▶ [PROBLEM] Below are some records; copy them word for word and drop the pictures.

▶ [Records from a dataset]
>>>
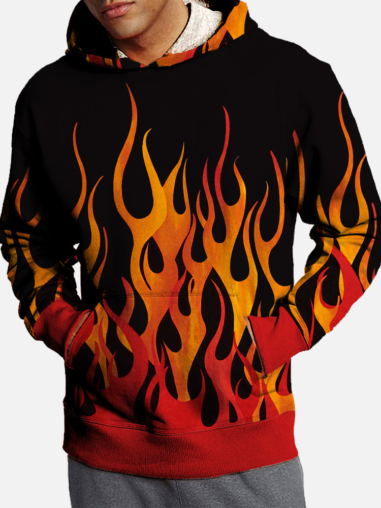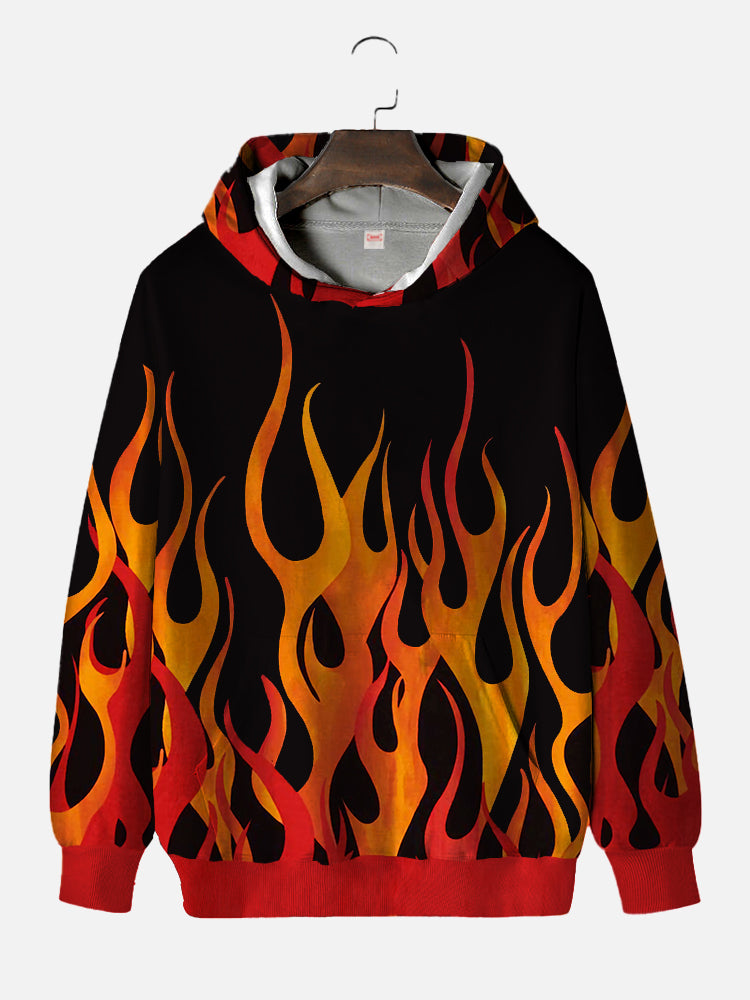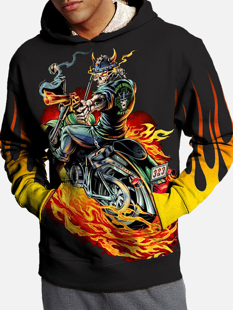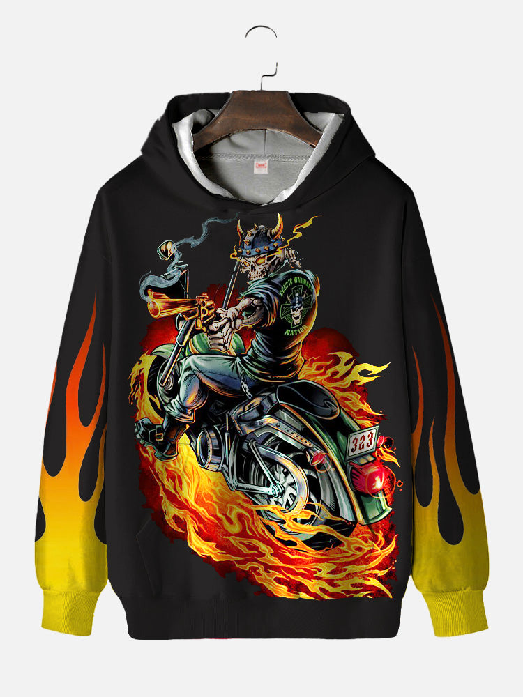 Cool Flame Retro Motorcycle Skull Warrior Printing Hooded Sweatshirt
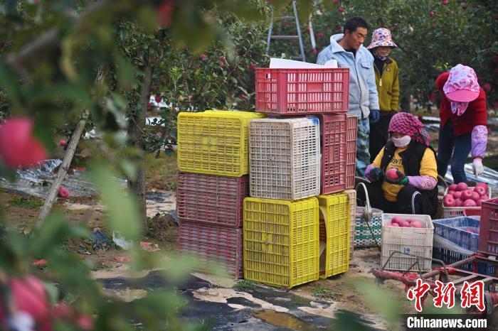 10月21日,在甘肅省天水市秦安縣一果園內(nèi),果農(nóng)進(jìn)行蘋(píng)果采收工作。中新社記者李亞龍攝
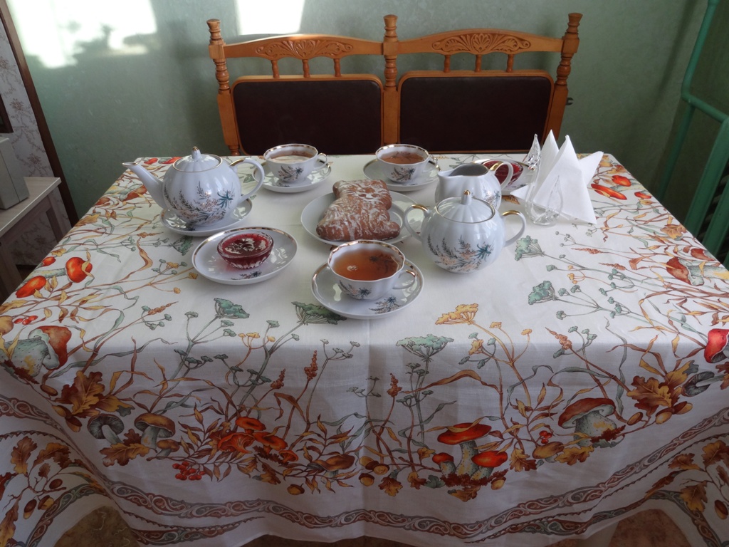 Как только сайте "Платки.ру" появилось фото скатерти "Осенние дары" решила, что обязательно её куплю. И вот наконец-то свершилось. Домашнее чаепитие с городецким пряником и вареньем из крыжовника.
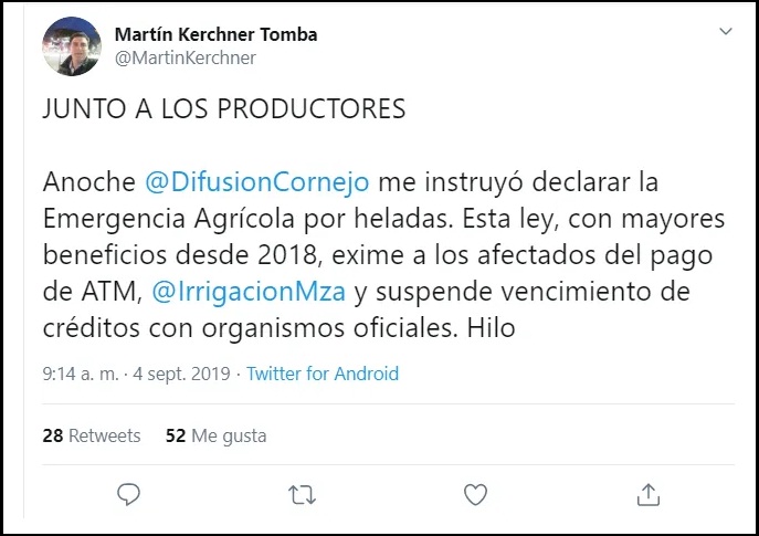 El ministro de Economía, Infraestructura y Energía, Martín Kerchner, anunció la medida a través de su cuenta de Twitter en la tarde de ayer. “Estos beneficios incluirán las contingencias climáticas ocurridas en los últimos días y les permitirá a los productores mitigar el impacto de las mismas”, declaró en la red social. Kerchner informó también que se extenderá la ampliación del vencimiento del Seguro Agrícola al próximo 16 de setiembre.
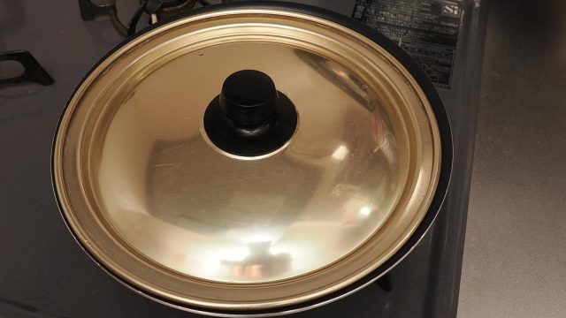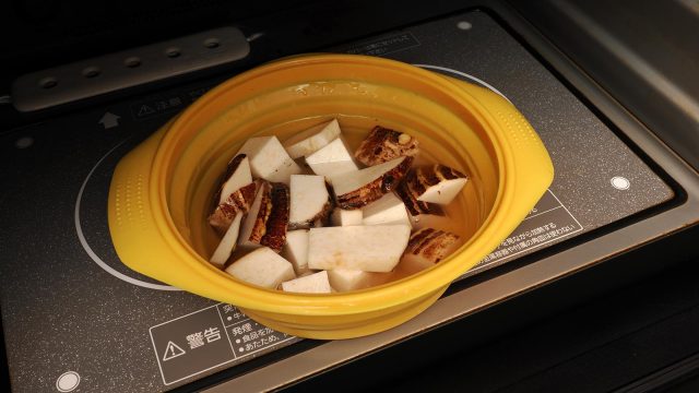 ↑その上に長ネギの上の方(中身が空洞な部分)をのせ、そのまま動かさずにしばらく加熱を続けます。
<<<
▶ [EXERCISE RESPONSE]
 Cool Flame Retro Motorcycle Skull Warrior Printing Hooded Sweatshirt
 10月21日,在甘肅省天水市秦安縣一果園內(nèi),果農(nóng)進(jìn)行蘋(píng)果采收工作。中新社記者李亞龍攝
 Как только сайте "Платки.ру" появилось фото скатерти "Осенние дары" решила, что обязательно её куплю. И вот наконец-то свершилось. Домашнее чаепитие с городецким пряником и вареньем из крыжовника.
 El ministro de Economía, Infraestructura y Energía, Martín Kerchner, anunció la medida a través de su cuenta de Twitter en la tarde de ayer. “Estos beneficios incluirán las contingencias climáticas ocurridas en los últimos días y les permitirá a los productores mitigar el impacto de las mismas”, declaró en la red social. Kerchner informó también que se extenderá la ampliación del vencimiento del Seguro Agrícola al próximo 16 de setiembre.
 ↑その上に長ネギの上の方(中身が空洞な部分)をのせ、そのまま動かさずにしばらく加熱を続けます。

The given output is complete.